Abstract: We have already studied a data mining field and a natural language processing field for many years. There are many significant relationships between the data mining and the natural language processing. Sentiment classification has had many crucial contributions to many different fields in everyday life such as in political activities, commodity production and commercial activities. A new model using a Hamann Coefficient (HC) and a Genetic Algorithm (GA) with a Fitness Fuction (FF) which is a Roulette-Wheel Selection (RWS) has been proposed for the sentiment classification.

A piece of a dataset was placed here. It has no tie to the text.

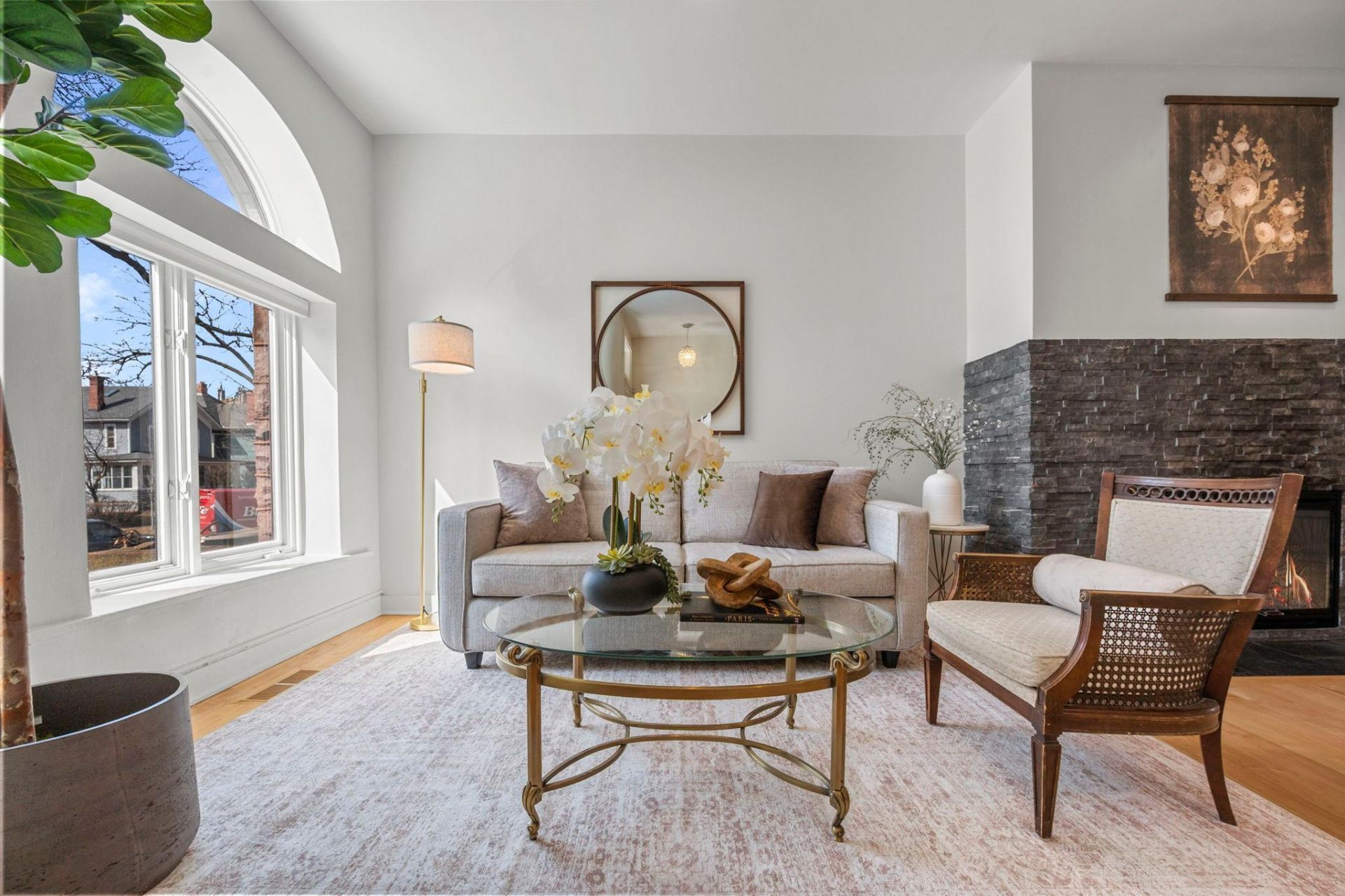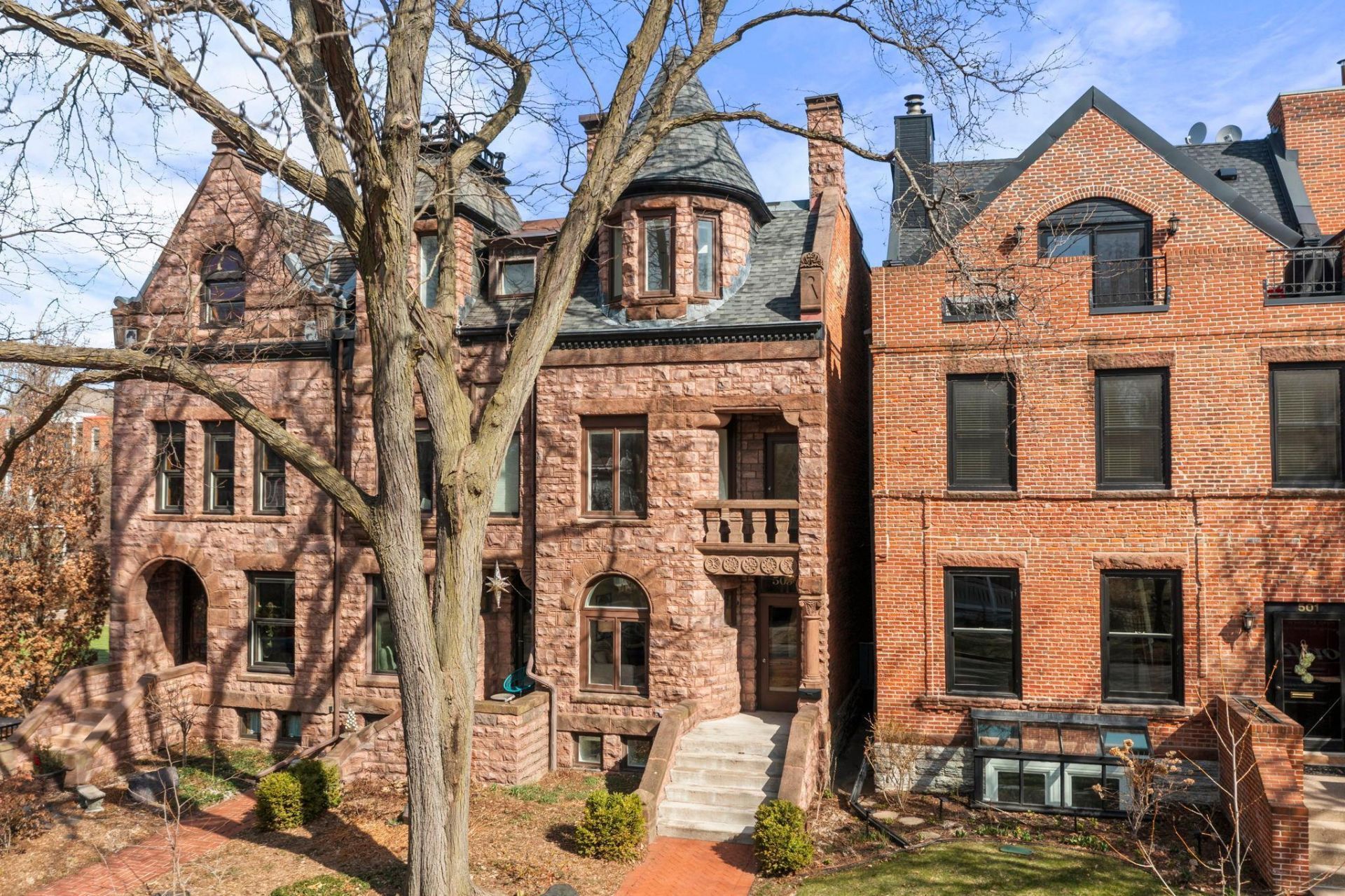 Iconic brownstone masterpiece in the heart of Cathedral Hill! Part of St. Paul's iconic Holly Row. This stunning four-story home truly resides in a class of its own. Thoughtfully renovated with no expense spared. Abundant natural light creates a striking contrast between the dark stone exterior and the BRIGHT, airy interior, it's truly magical! Open, flowing spaces are perfectly balanced with private wings and cozy nooks. Gleaming hardwood floors, tall ceilings, and a mix of painted and exposed brick combine timeless charm with a fresh, modern edge. Step outside to the show stopping rooftop patio, an unforgettable spot for entertaining or relaxing under the stars. Renovations include roofs (2nd & 3rd floors), EV charger, heated gutters, zoned HVAC, updated AC, designer Hennepin Made lighting, renovated bathrooms, and more. This architectural gem blends historic elegance with modern luxury.

This can be applied to a big data. The GA can process many bit arrays. Thus, it saves a lot of storage spaces. We do not need lots of storage spaces to store a big data. Firstly, we create many sentiment lexicons of our basis English Sentiment Dictionary (bESD) by using the HC through a Google search engine with AND operator and OR operator. Next, According to the sentiment lexicons of the bESD, we encode 7,000,000 sentences of our training data set including the 3,500,000 negative and the 3,500,000 positive in English successfully into the bit arrays in a small storage space. We also encrypt all sentences of 9,000,000 documents of our testing data set comprising the 4,500,000 positive and the 4,500,000 negative in English successfully into the bit arrays in the small storage space. We use the GA with the RWS to cluster one bit array (corresponding to one sentence) of one document of the testing data set into either the bit arrays of the negative sentences or the bit arrays of the positive sentences of the training data set. The sentiment classification of one document is based on the results of the sentiment classification of the sentences of this document of the testing data set. We tested the proposed model in both a sequential environment and a distributed network system. We achieved 88.02% accuracy of the testing data set. The execution time of the model in the parallel network environment is faster than the execution time of the model in the sequential system. The results of this study can be widely used in applications and research of the English sentiment classification.

How to cite this article:

Vo Ngoc Phu and Vo Thi Ngoc Tran, 2019. English Sentiment Classification using A Hamann Coefficient and a Genetic Algorithm with a Roulette-Wheel Selection in a Parallel Network Environment. Journal of Engineering and Applied Sciences, 14: 2055-2094. Asian Journal of Information Technology, 18: 250-260.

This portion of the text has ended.